*Exercise directions:*
Copy exactly and only the lines running from the one that contains "1. Activar o" to the final line of the data below, without the pictures.

*Dataset section:*

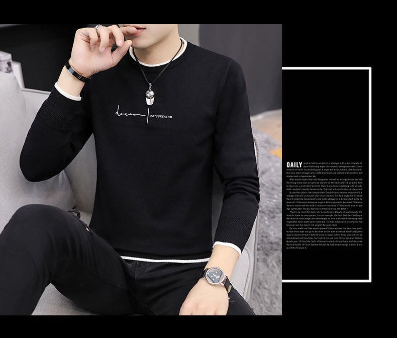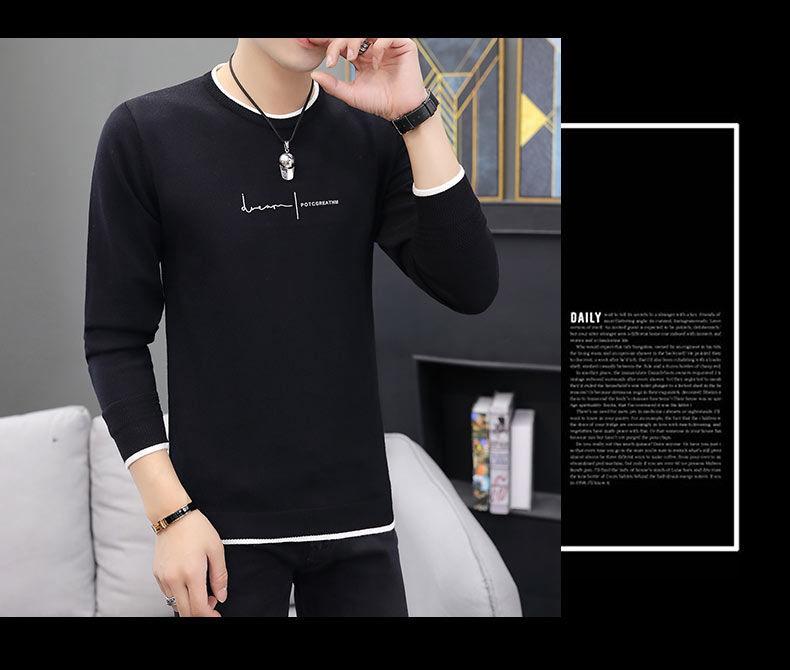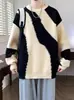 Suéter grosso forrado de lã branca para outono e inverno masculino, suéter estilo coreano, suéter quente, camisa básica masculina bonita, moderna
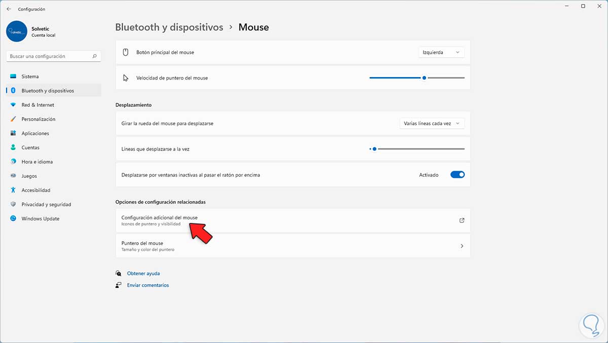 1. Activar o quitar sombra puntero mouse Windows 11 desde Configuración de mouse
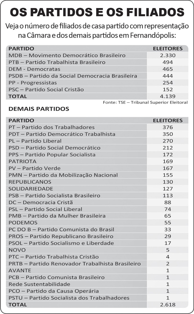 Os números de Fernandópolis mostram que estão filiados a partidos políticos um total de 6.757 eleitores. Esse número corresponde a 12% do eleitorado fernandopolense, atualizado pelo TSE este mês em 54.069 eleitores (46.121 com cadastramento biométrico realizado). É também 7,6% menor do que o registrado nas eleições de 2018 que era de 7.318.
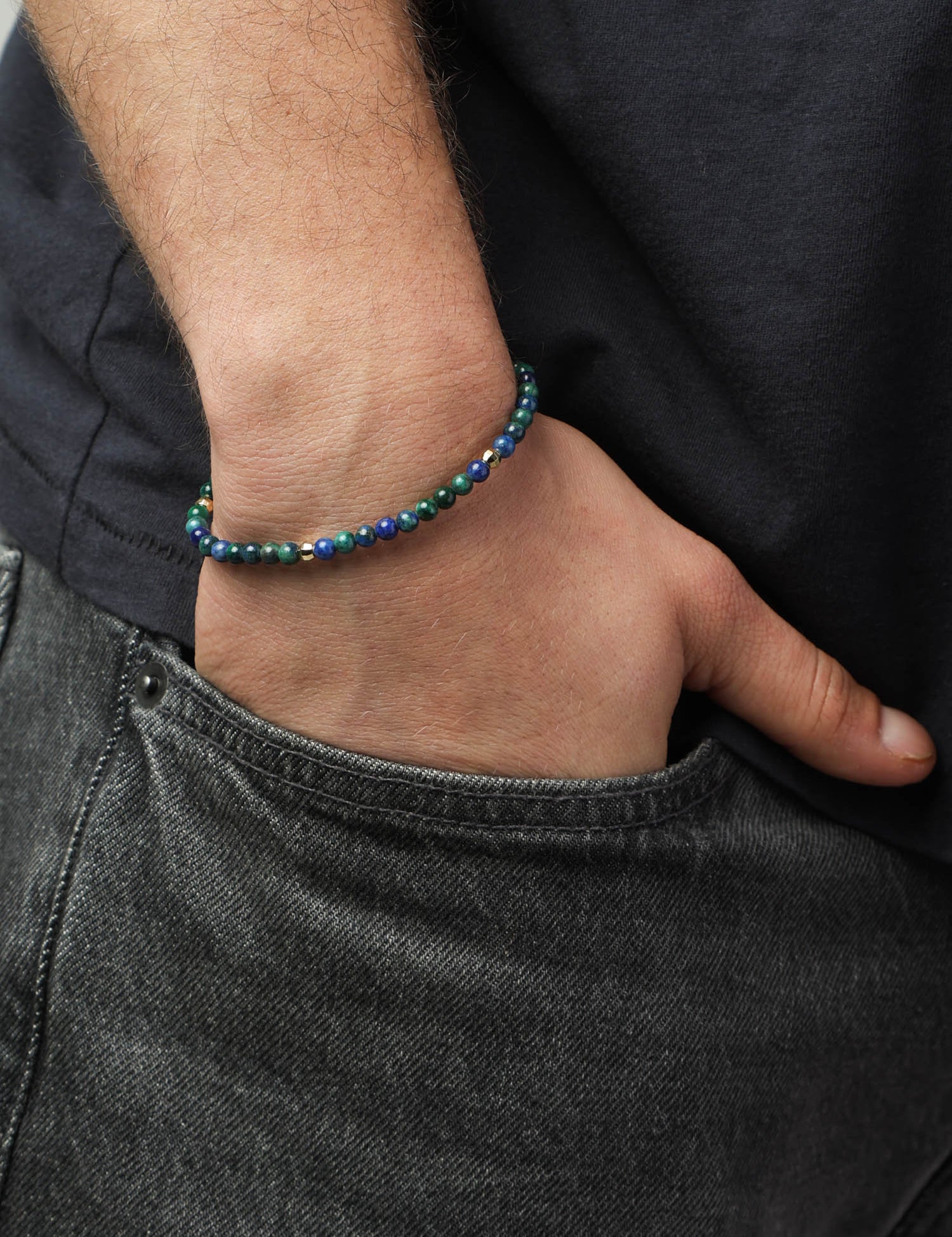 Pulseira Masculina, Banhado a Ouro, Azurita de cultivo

*Your response:*
 1. Activar o quitar sombra puntero mouse Windows 11 desde Configuración de mouse
 Os números de Fernandópolis mostram que estão filiados a partidos políticos um total de 6.757 eleitores. Esse número corresponde a 12% do eleitorado fernandopolense, atualizado pelo TSE este mês em 54.069 eleitores (46.121 com cadastramento biométrico realizado). É também 7,6% menor do que o registrado nas eleições de 2018 que era de 7.318.
 Pulseira Masculina, Banhado a Ouro, Azurita de cultivo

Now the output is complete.